Он медленно покачал головой.
— Да, — сказал он, вдруг охрипнув. — Для меня это было бы не слишком тяжело.
— А что, ты думаешь, я ему сказала? — спросила Конни Мизелль. Она мне улыбалась. Это была та самая улыбка, которая была на ее совершенном лице в момент выстрела.
— Вы сказали ему правду, — сказал я. — А он не смог ее принять и убил себя. Вы сказали ему, что вы — его дочь.
— Господи! — воскликнул Синкфилд.
— Видишь, — сказал я. — Даже тебя проняло!
— Я — не его дочь, — сказала Конни Мизелль.
— Несомненно, вы! — сказал я. — Вы родились в мае 1946 года. Это как раз спустя девять месяцев после его веселого времяпрепровождения вместе с вашей матушкой в августе 1945-го.
— Моя мама, — произнесла Конни Мизелль с расстановкой, — могла перетрахаться с шестью десятками парней в августе того года.
— Могла бы, но нет.
— Откуда вы знаете?
Я пожал плечами.
— Ниоткуда.
— Моим отцом был Френк Мизелль.
— Не-а, — сказал я. — Френк был стерилен. У него даже письмо было с подтверждением сего факта. И, кроме того, он, видимо, не встречался твоей мамой до той поры, как тебе уже исполнилось три или четыре года от роду.

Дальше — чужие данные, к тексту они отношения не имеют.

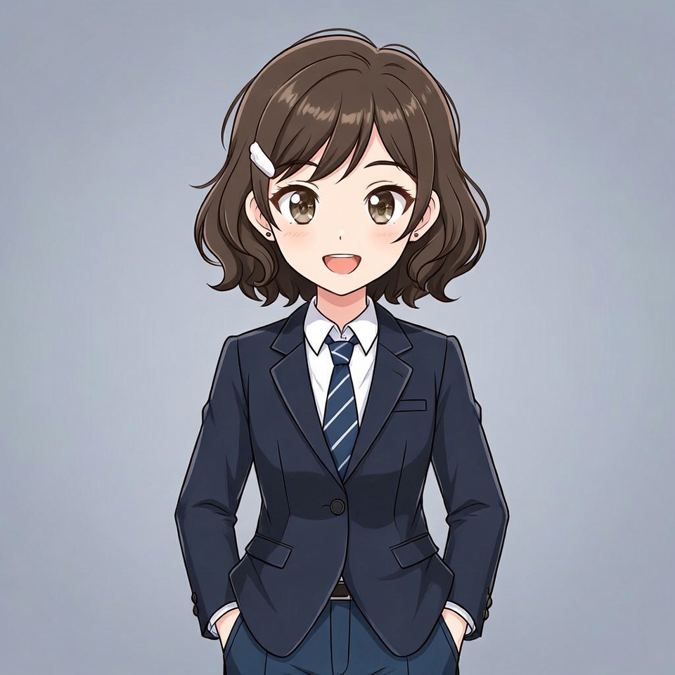 A cute anime girl with wavy brown hair and a hair clip smiles happily while standing with hands in pockets. She wears a navy blue suit jacket, white collared shirt, and striped tie. The illustration features her against a plain gray background.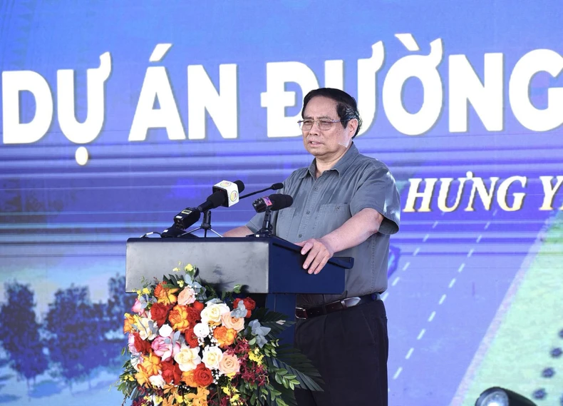 Phát biểu ý kiến tại buổi lễ, Thủ tướng Phạm Minh Chính bày tỏ vui mừng được tham dự lễ khởi công; nêu rõ, Hưng Yên có nhiều huyện thị gần Hà Nội, nhưng điều quan trọng phải có hệ thống giao thông kết nối; do đó tỉnh cần nỗ lực kết nối đường cao tốc Hà Nội-Hải Phòng, cao tốc Cầu Giẽ-Ninh Bình và tuyến đường qua Văn Giang.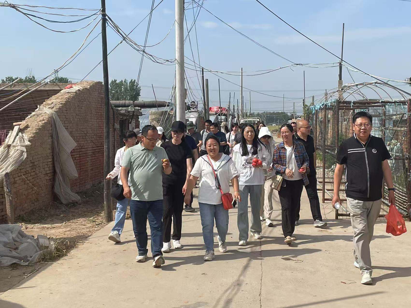 赵郭村驻村第一书记李翔海热烈欢迎大家的到来,邀请大家品尝特色农产品,并向院系教职工详细介绍了村子发展情况与未来规划目标,让大家对赵郭村的发展有了更加直观的认识。随后,教职工进入果蔬采摘园,体验采摘果蔬的乐趣。在摘取之余,园主为大家介绍了赵郭村黄瓜、西红柿、西兰花与茄子等瓜果蔬菜的种植历史以及品质鉴别方法,并邀请大家体验半地下人工大棚特色种植方式,加深了教职工对农村果蔬种植的了解。采摘过程中,工会成员相互协作,整个采摘过程欢声笑语,其乐融融,收获满满。

Синкфилд уставился на Конни Мизелль.
— Ты приберегала это напоследок, верно? — спросил он. — То есть вы это откладывали на черный день. Ты и Дейн. А так — ты бы продолжала шантажировать его, спать с ним, убивать его семью. А уже под занавес вручается ЭТО — последний тычок, когда он уже на самом-самом краю… Тот факт, что он трахал свою дочь.
— Вы арестуете меня, лейтенант? — сказала она и опять улыбнулась.
Он покачал головой.
— Нет, — сказал он. — Я ВАС не арестую. Как вы сказали, вы теперь — двадцать миллионов баксов, а я не дурак, чтобы арестовывать двадцать миллионов. От этого не будет никакого прока. У нас нет никаких улик. У нас, черт подери, не осталось никаких свидетелей. Все мертвы. Так что не собираюсь я тебя арестовывать.
— Ого! По-моему, я что-то чую, — сказала она. — По-моему, я чую что-то очень большое — что-то, похожее на сделку?
Синкфилд кивнул.
— Да, у них есть свой особый запах, так ведь?
Конни Мизелль снова улыбнулась.
— Сколько, милый? Сколько у тебя на уме?
— Половина, — сказал он. — Что скажешь насчет половины?
Она пожала плечами.
— Это будет около пяти миллионов. После всех налогов и адвокатов, останется порядка десяти миллионов. Половина — это по пять миллионов на каждого.